Я кивнула. Может быть, когда-нибудь я снова полюблю наш лес, но сейчас мне в нем не по себе.
Я до сих пор хожу к доктору Келсинг, психиатру, с которой я познакомилась в больнице; приятно поговорить с человеком, который не имеет отношения к той страшной истории. Доктор Келсинг не считает меня сумасшедшей. Она говорит, что в тот день я показала себя очень смелой и очень сильной. Не знаю, правда ли это, но хотелось бы думать, что да.

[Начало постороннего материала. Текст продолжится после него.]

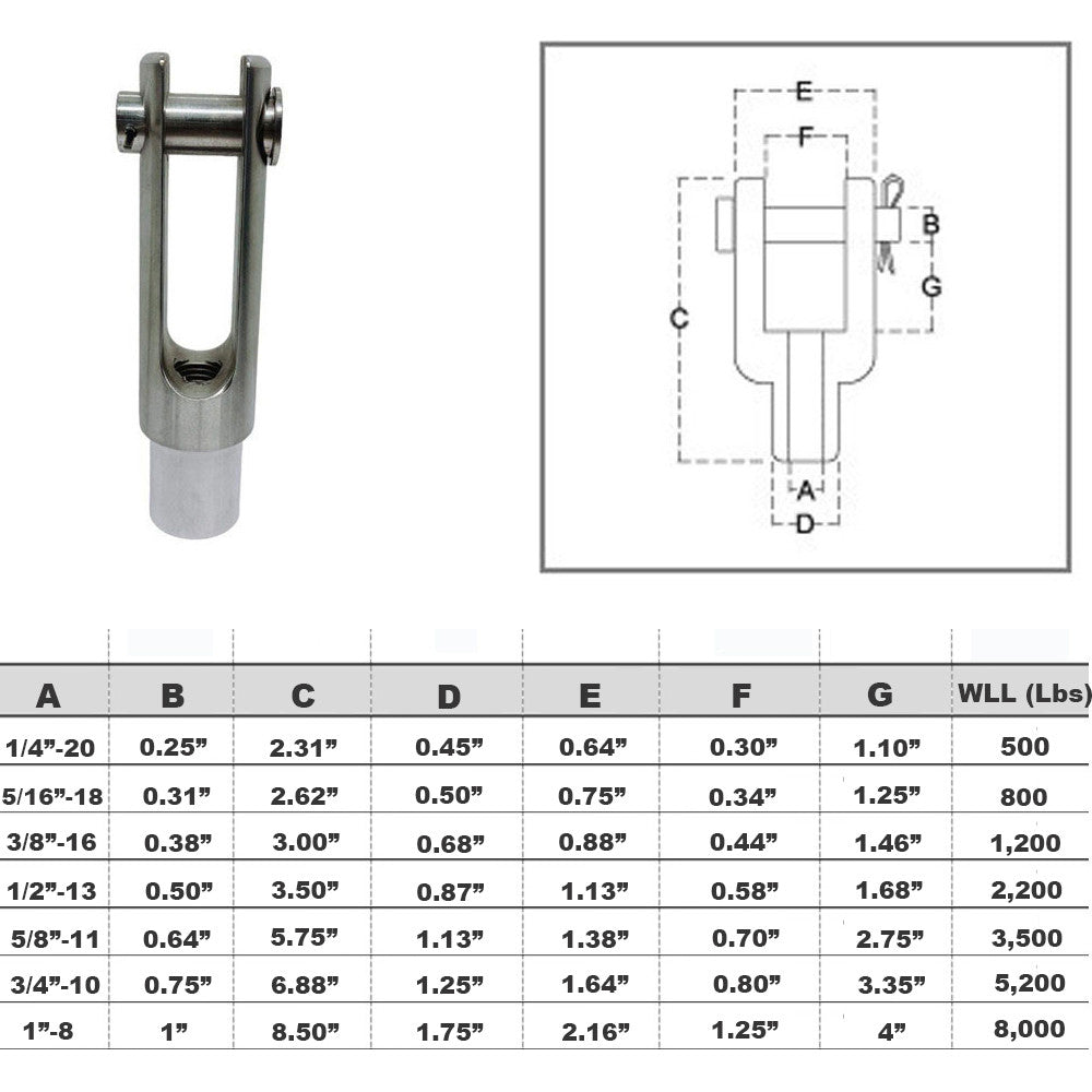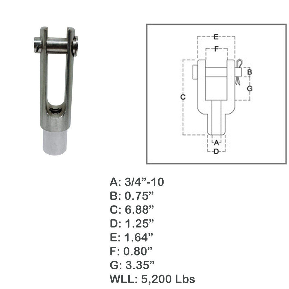Marine Right Handed Threaded Yoke End Stainless Steel T316

До перехода в среднюю школу я продолжала ходить на занятия к мистеру Уилсону. Около года назад кто-то сказал мне, что в тот день, когда мы с Петрой пропали, мистера Уилсона тоже подозревали в нехорошем и даже допрашивали в полиции. Представляю, как ему было неприятно. И все же мне он ни о чем не сказал. Я по-прежнему ходила к нему раз в неделю и до сих пор иногда пишу в красивых тетрадях, которые он мне тогда дарил. В нашу последнюю встречу мы сидели за круглым столом, и он спросил, о чем мне хотелось бы поговорить. Я пожала плечами, и тогда он подошел к старому серому шкафчику. Мистер Уилсон по-прежнему казался мне невероятно высоким, хотя с нашей первой встречи прошло несколько лет и я выросла на целую голову. Он принес пять тетрадей в черных обложках, заполненных моими каракулями и рисунками. Тогда я рассказала ему свой сон, который видела в тот день в лесу. Сон, в котором я летела по воздуху и все пытались дотянуться до меня, стараясь спустить меня на землю. Там был и он с моей тетрадью в руках; он на что-то в ней показывал. Я еще все время гадала, на что он показывает. Тогда мистер Уилсон выбрал самую первую тетрадь, которую я изрисовала сплошь, от корки до корки, и протянул мне.